Data block:

□ □ □ □ □ □ □

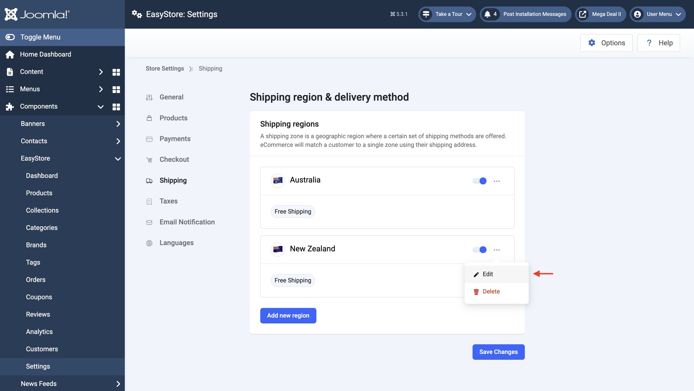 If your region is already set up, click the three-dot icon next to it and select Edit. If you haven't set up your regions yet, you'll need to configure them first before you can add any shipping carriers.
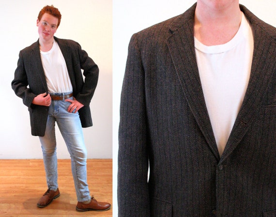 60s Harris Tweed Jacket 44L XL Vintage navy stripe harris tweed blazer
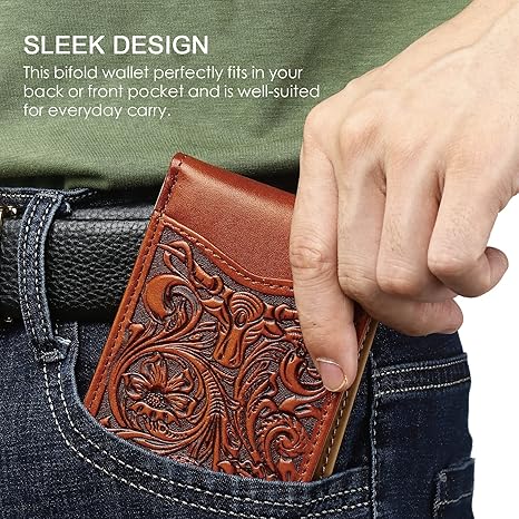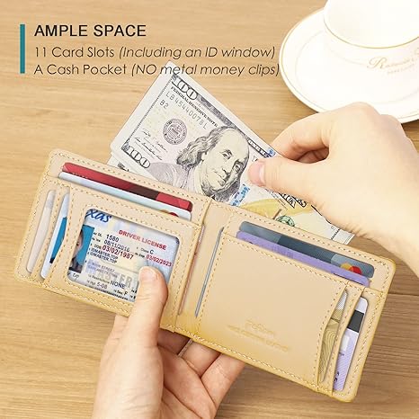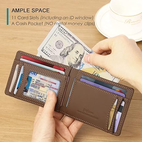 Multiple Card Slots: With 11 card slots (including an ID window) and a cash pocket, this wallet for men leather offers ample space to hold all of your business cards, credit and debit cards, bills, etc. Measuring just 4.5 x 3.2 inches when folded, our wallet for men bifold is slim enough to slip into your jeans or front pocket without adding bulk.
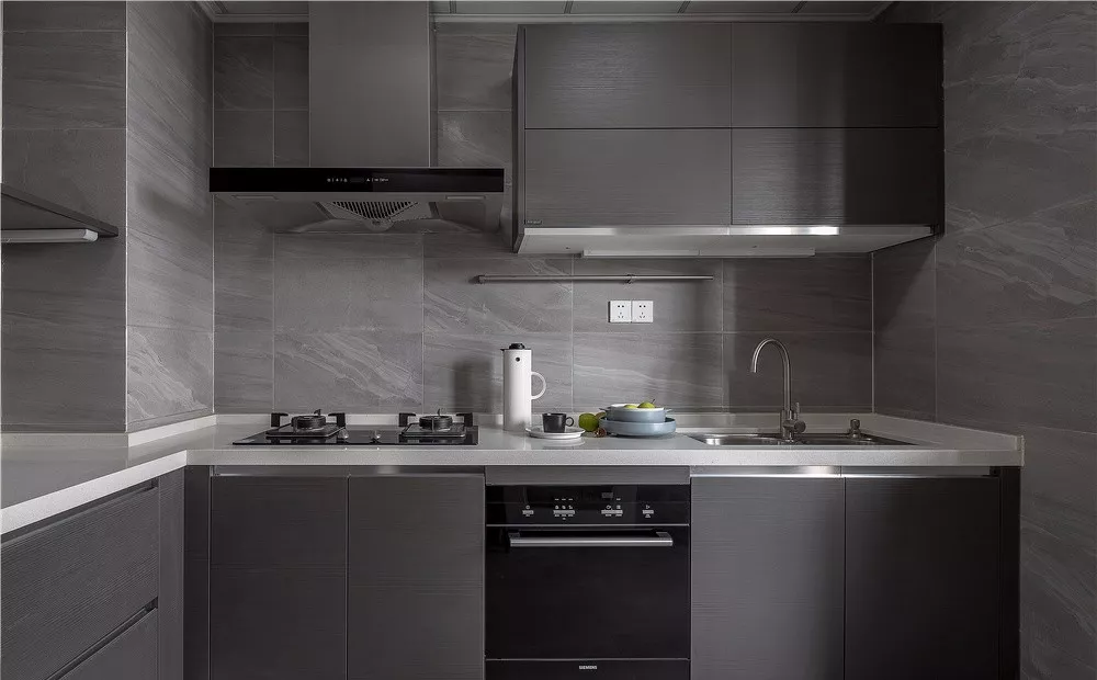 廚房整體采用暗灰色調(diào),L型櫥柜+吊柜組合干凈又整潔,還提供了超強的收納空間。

□ □ □ □ □ □ □

What needs to be done:
All of the material above is to be copied exactly, with no pictures.

Response:
 If your region is already set up, click the three-dot icon next to it and select Edit. If you haven't set up your regions yet, you'll need to configure them first before you can add any shipping carriers.
 60s Harris Tweed Jacket 44L XL Vintage navy stripe harris tweed blazer
 Multiple Card Slots: With 11 card slots (including an ID window) and a cash pocket, this wallet for men leather offers ample space to hold all of your business cards, credit and debit cards, bills, etc. Measuring just 4.5 x 3.2 inches when folded, our wallet for men bifold is slim enough to slip into your jeans or front pocket without adding bulk.
 廚房整體采用暗灰色調(diào),L型櫥柜+吊柜組合干凈又整潔,還提供了超強的收納空間。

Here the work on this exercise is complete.